RECORDS FOR PROCESSING →

[Start of section]

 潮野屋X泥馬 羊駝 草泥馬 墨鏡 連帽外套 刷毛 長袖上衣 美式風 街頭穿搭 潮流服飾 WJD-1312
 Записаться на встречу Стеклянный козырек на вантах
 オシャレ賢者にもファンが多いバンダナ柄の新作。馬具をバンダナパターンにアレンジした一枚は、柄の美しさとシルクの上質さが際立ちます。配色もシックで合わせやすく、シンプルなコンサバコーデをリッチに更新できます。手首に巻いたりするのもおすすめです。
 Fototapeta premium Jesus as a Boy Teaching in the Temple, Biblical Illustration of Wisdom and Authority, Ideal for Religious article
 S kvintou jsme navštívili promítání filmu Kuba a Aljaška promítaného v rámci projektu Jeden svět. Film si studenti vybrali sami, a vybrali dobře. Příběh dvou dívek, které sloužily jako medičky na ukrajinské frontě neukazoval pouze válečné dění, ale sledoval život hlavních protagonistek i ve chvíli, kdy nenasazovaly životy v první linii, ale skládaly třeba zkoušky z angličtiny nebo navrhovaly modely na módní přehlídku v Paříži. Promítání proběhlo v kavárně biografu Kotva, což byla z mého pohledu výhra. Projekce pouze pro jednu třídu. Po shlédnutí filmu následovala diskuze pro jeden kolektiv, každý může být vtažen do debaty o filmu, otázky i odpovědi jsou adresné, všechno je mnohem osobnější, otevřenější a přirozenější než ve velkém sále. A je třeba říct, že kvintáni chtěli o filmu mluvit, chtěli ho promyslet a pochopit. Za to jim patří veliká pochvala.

[End of section]
[Start of section]

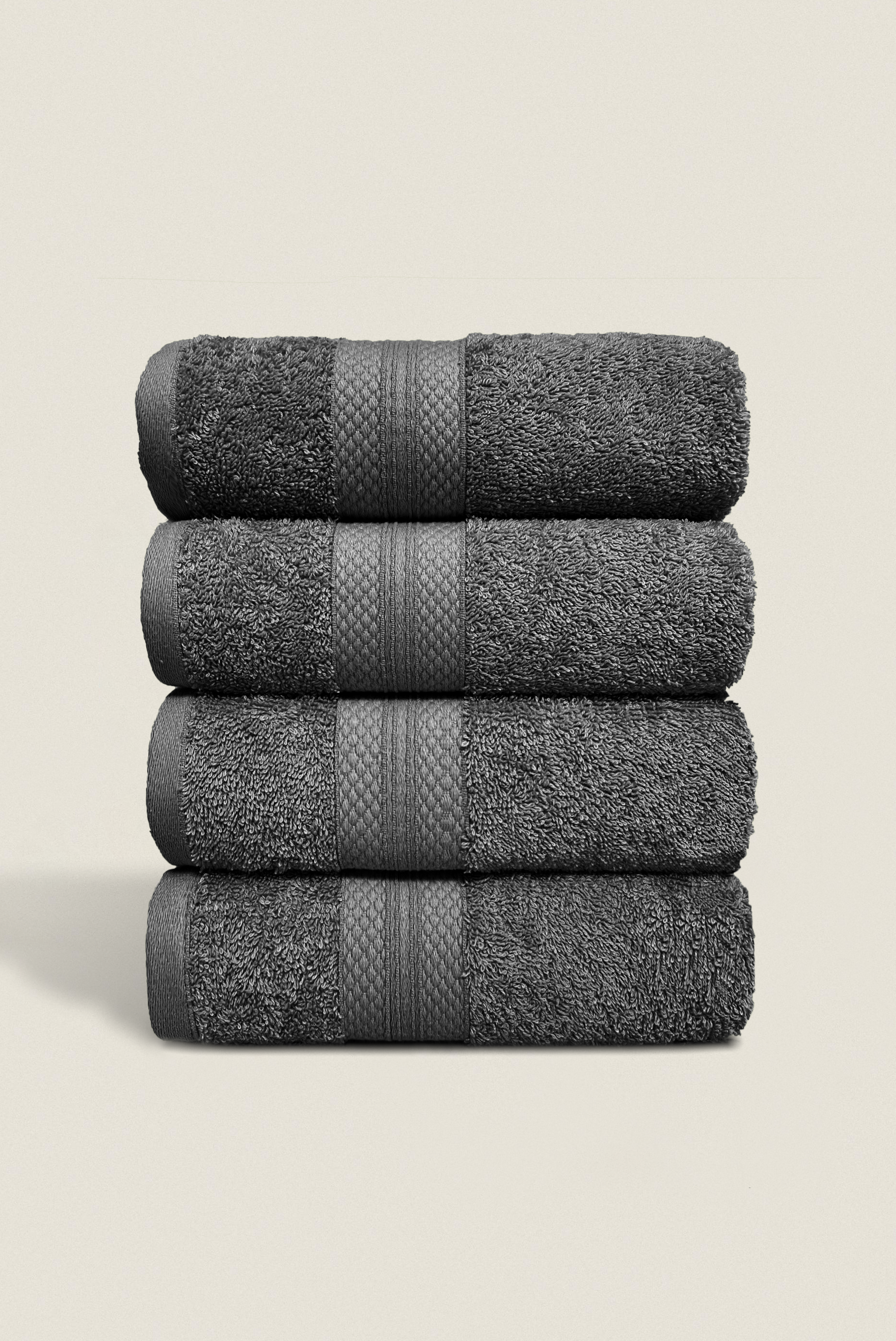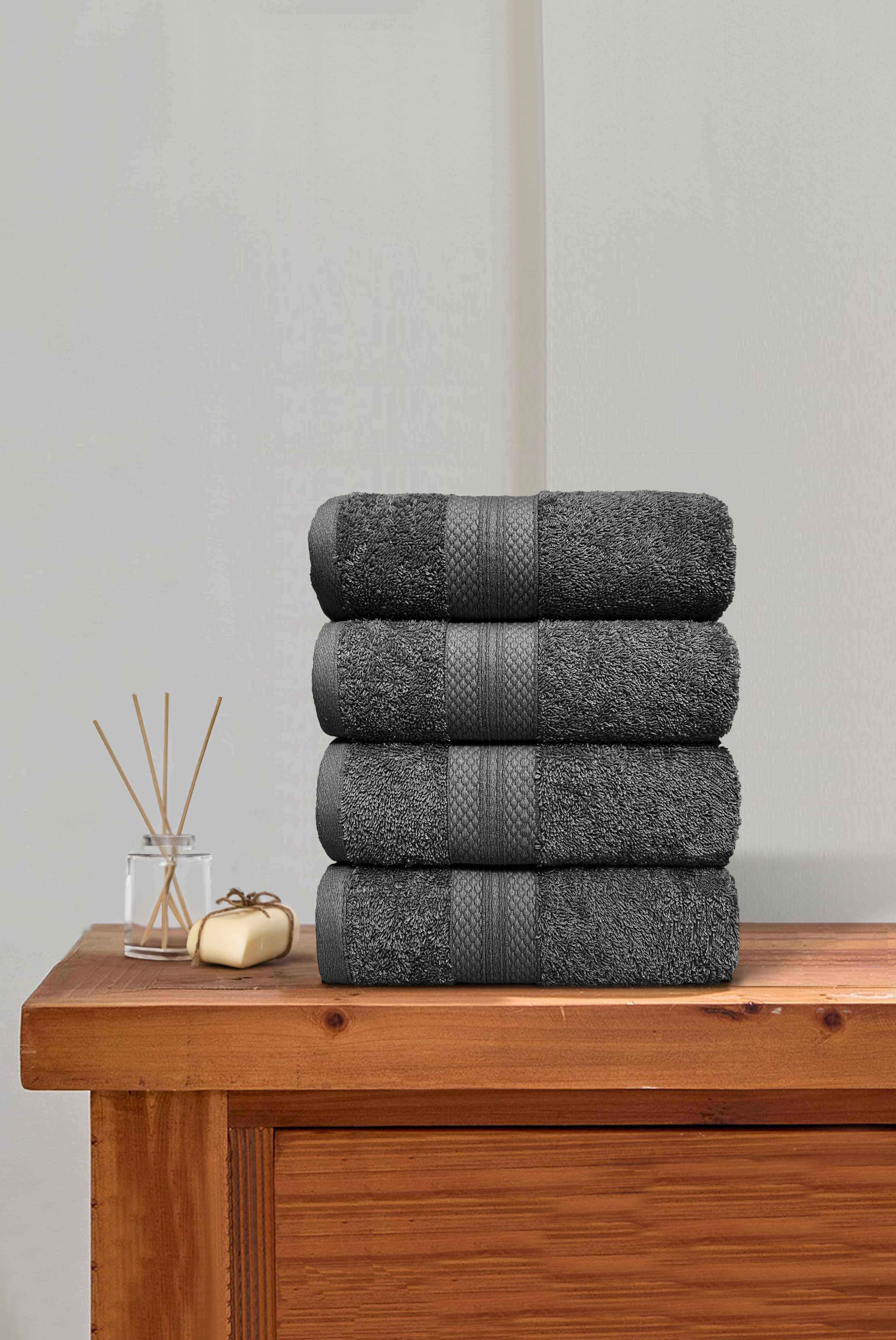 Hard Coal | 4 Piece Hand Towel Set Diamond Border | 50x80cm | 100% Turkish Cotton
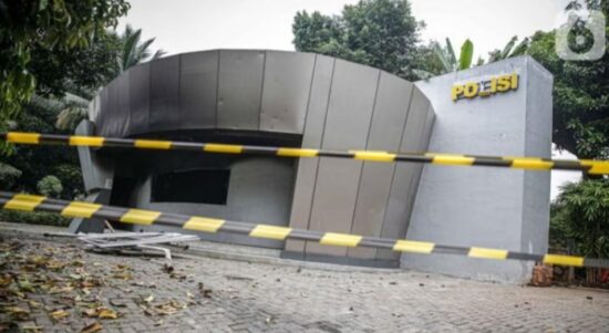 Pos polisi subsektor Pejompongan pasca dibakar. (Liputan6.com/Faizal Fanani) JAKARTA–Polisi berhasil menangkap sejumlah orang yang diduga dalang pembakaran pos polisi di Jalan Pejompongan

[End of section]

Starting at the line with "オシャレ賢者にもファンが多い" and ending at the line with "S kvintou jsme", print each line of the listing above exactly, with no other lines.

 オシャレ賢者にもファンが多いバンダナ柄の新作。馬具をバンダナパターンにアレンジした一枚は、柄の美しさとシルクの上質さが際立ちます。配色もシックで合わせやすく、シンプルなコンサバコーデをリッチに更新できます。手首に巻いたりするのもおすすめです。
 Fototapeta premium Jesus as a Boy Teaching in the Temple, Biblical Illustration of Wisdom and Authority, Ideal for Religious article
 S kvintou jsme navštívili promítání filmu Kuba a Aljaška promítaného v rámci projektu Jeden svět. Film si studenti vybrali sami, a vybrali dobře. Příběh dvou dívek, které sloužily jako medičky na ukrajinské frontě neukazoval pouze válečné dění, ale sledoval život hlavních protagonistek i ve chvíli, kdy nenasazovaly životy v první linii, ale skládaly třeba zkoušky z angličtiny nebo navrhovaly modely na módní přehlídku v Paříži. Promítání proběhlo v kavárně biografu Kotva, což byla z mého pohledu výhra. Projekce pouze pro jednu třídu. Po shlédnutí filmu následovala diskuze pro jeden kolektiv, každý může být vtažen do debaty o filmu, otázky i odpovědi jsou adresné, všechno je mnohem osobnější, otevřenější a přirozenější než ve velkém sále. A je třeba říct, že kvintáni chtěli o filmu mluvit, chtěli ho promyslet a pochopit. Za to jim patří veliká pochvala.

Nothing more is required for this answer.